§ **TASK TO COMPLETE**
With pictures removed, output every record below exactly as written.

Start of INPUT

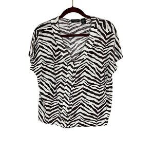 Tahari Animal Print Linen Top XL Tan Zebra Safari Neutral Classic Chic Striped
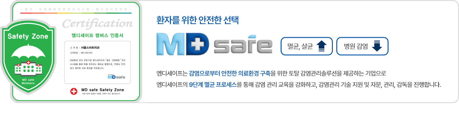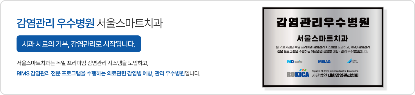 위생, 감염으로 부터 안전한 서울스마트치과는 철저한 소독 시스템을 통해 감염 ZERO 공간을 만듭니다.
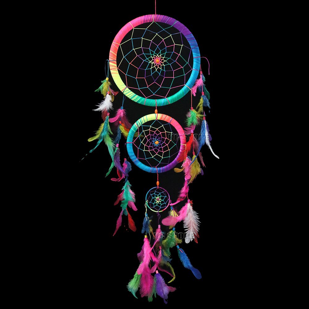 Filtro Dos Sonhos Colorido Reggae 3 Aros Grande 60cm Apanhador decoração de parede amuleto tie dye tem frete grátis?
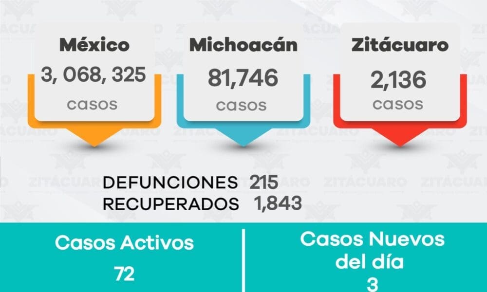 Zitácuaro reporta 3 casos nuevos por COVID-19 hay 72 casos activos y 18 casos sospechosos.
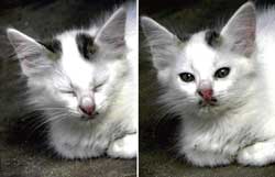 <p>Tiny's brothers and sisters began walking soon. Once again, she was the last to find her feet. She began to suspect she was different from her siblings when she found she couldn't run as fast. She walked with a funny lop-sided gait - a limp, because one of Tiny's hind legs was shorter than the rest.<br /><br />The family put the kittens up for adoption. One by one, all the kittens except Tiny found takers. No one wanted to adopt a lame cat. She was quite lonely, except for momma Cleopatra who didn't like being disturbed from her siestas. So Tiny tiptoed around the house on her soft padded feet.<br /><br />One day, old Mrs. Lazarus dozed off in her armchair whilst knitting. The bright blue ball of wool rolled from her lap onto the floor. Curious, Tiny approached timidly - the ball moved when she nudged it with her paw. She began playing football with it - pouncing on it and rolling it all over the room. The yarn kept unraveling, winding itself around her until she ended up a tangled mess. Tiny started mewing pitifully which woke Grandma Lazarus. She was certainly not pleased to find the kitten tangled in a mass of her blue yarn. She scolded Tiny, "You good for nothing kitten - look at the mess you've made!" <br /><br />Poor Tiny hung her head in shame and slunk out the back door. She found a nice sunny spot in the yard to bask in. Something tickled her cute little nose, waking her from her catnap. Brushing it off with her foreleg she saw a gorgeous green and black butterfly. Tiny tried catching it, playfully chasing it around the compound and onto the road but the butterfly eluded her staying just out of reach.<br /><br />Suddenly she heard a low growl followed by a loud bark and found a large Doberman bearing down at her at full speed. Tiny ran for her life. The Doberman was hot on her heels; gaining on her. Now she knew what it felt like to be at the other end of a chase. Just when she thought there was no escape, she spotted a letterbox. The opening seemed large enough for her tiny frame to squeeze through. She took a mighty leap, landed on the mailbox and crawled into its slit. The dog continued barking and scratching at the mailbox before giving it up as a lost cause.<br /><br />Tiny was safe. Whew! That was a close shave. Thinking it prudent to stay in the box till the coast was clear she curled into a ball and went to sleep. Naina had been trying very hard for a long time to convince her mother to let her have a pet but her mum didn't want the hassles of looking after one. Naina prayed every night that she would change her mind. On her return from school, Naina opened the letterbox to check for mail and to her utter astonishment found a cute, multicolored, patchwork, little fur-ball of a kitten fast asleep inside. She picked Tiny up in delight and held her close, stroking her and planting kisses on her head. Tiny purred with pleasure and opened her big saucer like deep blue eyes. It was love at first sight for both of them. Tiny had never felt so wanted before. She was sure she was in safe hands. "At last I've found someone who likes me", she thought.<br /><br />Naina rushed into the house holding Tiny in her hands crying excitedly, "Look what came in the post Ma! Please, pleeease… can I keep it? I promise I'll take care of it; besides cats are good at keeping themselves clean." Her mother sighed and said, "Alright. If no one comes looking for her, you can keep her". "You're the best, mum!" said Naina kissing her cheek, "And so are you", she said to Tiny, tickling her. <br /><br />She didn't mind that Tiny walked with a limp, in fact, it made her love and care for her all the more; For Naina too wore a special brace on her leg to help her walk, having suffered from Polio as a child. Of course, no one came looking for Tiny. Naina read on the net that the Japanese consider Calico (tri-colored) cats lucky. Both Naina and Tiny felt blessed and fortunate to have found each other. They were quite inseparable and neither let their handicap get in their way. Naina renamed Tiny "Techni" after her technicolored coat and she sure did bring a lot of color into their lives and home.</p>
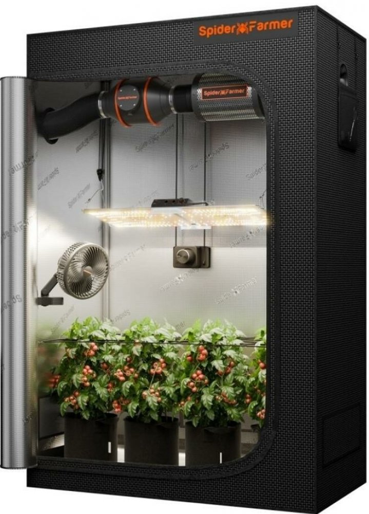 - 1 × 120x60x180 Grow Stan: Tento stan Spider Farmer má pevný rám stanu a vnější textilní kryt, což usnadňuje nastavení a řízení prostředí a osvětlení, a zároveň poskytuje trochu soukromí.
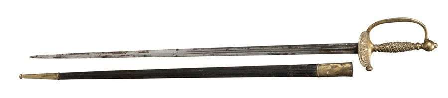 Coquille ornée de l'aigle impériale flanquée de drapeaux. Clavier à piston. Lame à deux gorges puis arrête médiane de Klingenthal.
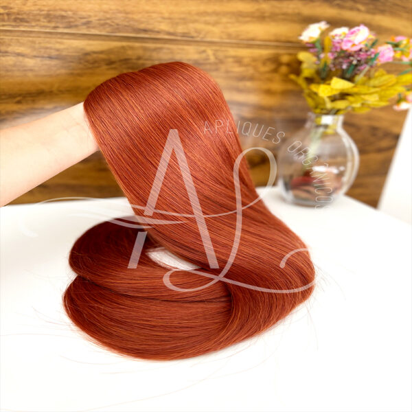 Cabelo Telado/Tecido Ruivo Laranjinha #1 Liso Fibra Russa Ultra Realista 70cm 150g
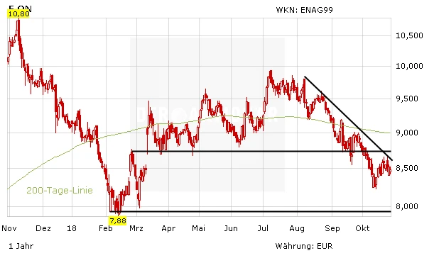 DER AKTIONÄR hat in den vergangenen Wochen mehrfach darauf hingewiesen. E.on schlägt sich im schwachen Marktumfeld zwar wacker, es fehlt aber nach wie vor ein neues Kaufsignal. Die Aktie ist aktuell eine Halteposition mit Stopp bei 7,90 Euro. Langfristig bleibt der Versorger für Konservative interessant.
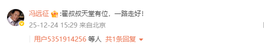 演员冯远征留言悼念:翟叔叔天堂有位,一路走好!

End of INPUT

§ **RESPONSE TO THIS TASK**
 Tahari Animal Print Linen Top XL Tan Zebra Safari Neutral Classic Chic Striped
 위생, 감염으로 부터 안전한 서울스마트치과는 철저한 소독 시스템을 통해 감염 ZERO 공간을 만듭니다.
 Filtro Dos Sonhos Colorido Reggae 3 Aros Grande 60cm Apanhador decoração de parede amuleto tie dye tem frete grátis?
 Zitácuaro reporta 3 casos nuevos por COVID-19 hay 72 casos activos y 18 casos sospechosos.
 <p>Tiny's brothers and sisters began walking soon. Once again, she was the last to find her feet. She began to suspect she was different from her siblings when she found she couldn't run as fast. She walked with a funny lop-sided gait - a limp, because one of Tiny's hind legs was shorter than the rest.<br /><br />The family put the kittens up for adoption. One by one, all the kittens except Tiny found takers. No one wanted to adopt a lame cat. She was quite lonely, except for momma Cleopatra who didn't like being disturbed from her siestas. So Tiny tiptoed around the house on her soft padded feet.<br /><br />One day, old Mrs. Lazarus dozed off in her armchair whilst knitting. The bright blue ball of wool rolled from her lap onto the floor. Curious, Tiny approached timidly - the ball moved when she nudged it with her paw. She began playing football with it - pouncing on it and rolling it all over the room. The yarn kept unraveling, winding itself around her until she ended up a tangled mess. Tiny started mewing pitifully which woke Grandma Lazarus. She was certainly not pleased to find the kitten tangled in a mass of her blue yarn. She scolded Tiny, "You good for nothing kitten - look at the mess you've made!" <br /><br />Poor Tiny hung her head in shame and slunk out the back door. She found a nice sunny spot in the yard to bask in. Something tickled her cute little nose, waking her from her catnap. Brushing it off with her foreleg she saw a gorgeous green and black butterfly. Tiny tried catching it, playfully chasing it around the compound and onto the road but the butterfly eluded her staying just out of reach.<br /><br />Suddenly she heard a low growl followed by a loud bark and found a large Doberman bearing down at her at full speed. Tiny ran for her life. The Doberman was hot on her heels; gaining on her. Now she knew what it felt like to be at the other end of a chase. Just when she thought there was no escape, she spotted a letterbox. The opening seemed large enough for her tiny frame to squeeze through. She took a mighty leap, landed on the mailbox and crawled into its slit. The dog continued barking and scratching at the mailbox before giving it up as a lost cause.<br /><br />Tiny was safe. Whew! That was a close shave. Thinking it prudent to stay in the box till the coast was clear she curled into a ball and went to sleep. Naina had been trying very hard for a long time to convince her mother to let her have a pet but her mum didn't want the hassles of looking after one. Naina prayed every night that she would change her mind. On her return from school, Naina opened the letterbox to check for mail and to her utter astonishment found a cute, multicolored, patchwork, little fur-ball of a kitten fast asleep inside. She picked Tiny up in delight and held her close, stroking her and planting kisses on her head. Tiny purred with pleasure and opened her big saucer like deep blue eyes. It was love at first sight for both of them. Tiny had never felt so wanted before. She was sure she was in safe hands. "At last I've found someone who likes me", she thought.<br /><br />Naina rushed into the house holding Tiny in her hands crying excitedly, "Look what came in the post Ma! Please, pleeease… can I keep it? I promise I'll take care of it; besides cats are good at keeping themselves clean." Her mother sighed and said, "Alright. If no one comes looking for her, you can keep her". "You're the best, mum!" said Naina kissing her cheek, "And so are you", she said to Tiny, tickling her. <br /><br />She didn't mind that Tiny walked with a limp, in fact, it made her love and care for her all the more; For Naina too wore a special brace on her leg to help her walk, having suffered from Polio as a child. Of course, no one came looking for Tiny. Naina read on the net that the Japanese consider Calico (tri-colored) cats lucky. Both Naina and Tiny felt blessed and fortunate to have found each other. They were quite inseparable and neither let their handicap get in their way. Naina renamed Tiny "Techni" after her technicolored coat and she sure did bring a lot of color into their lives and home.</p>
 - 1 × 120x60x180 Grow Stan: Tento stan Spider Farmer má pevný rám stanu a vnější textilní kryt, což usnadňuje nastavení a řízení prostředí a osvětlení, a zároveň poskytuje trochu soukromí.
 Coquille ornée de l'aigle impériale flanquée de drapeaux. Clavier à piston. Lame à deux gorges puis arrête médiane de Klingenthal.
 Cabelo Telado/Tecido Ruivo Laranjinha #1 Liso Fibra Russa Ultra Realista 70cm 150g
 DER AKTIONÄR hat in den vergangenen Wochen mehrfach darauf hingewiesen. E.on schlägt sich im schwachen Marktumfeld zwar wacker, es fehlt aber nach wie vor ein neues Kaufsignal. Die Aktie ist aktuell eine Halteposition mit Stopp bei 7,90 Euro. Langfristig bleibt der Versorger für Konservative interessant.
 演员冯远征留言悼念:翟叔叔天堂有位,一路走好!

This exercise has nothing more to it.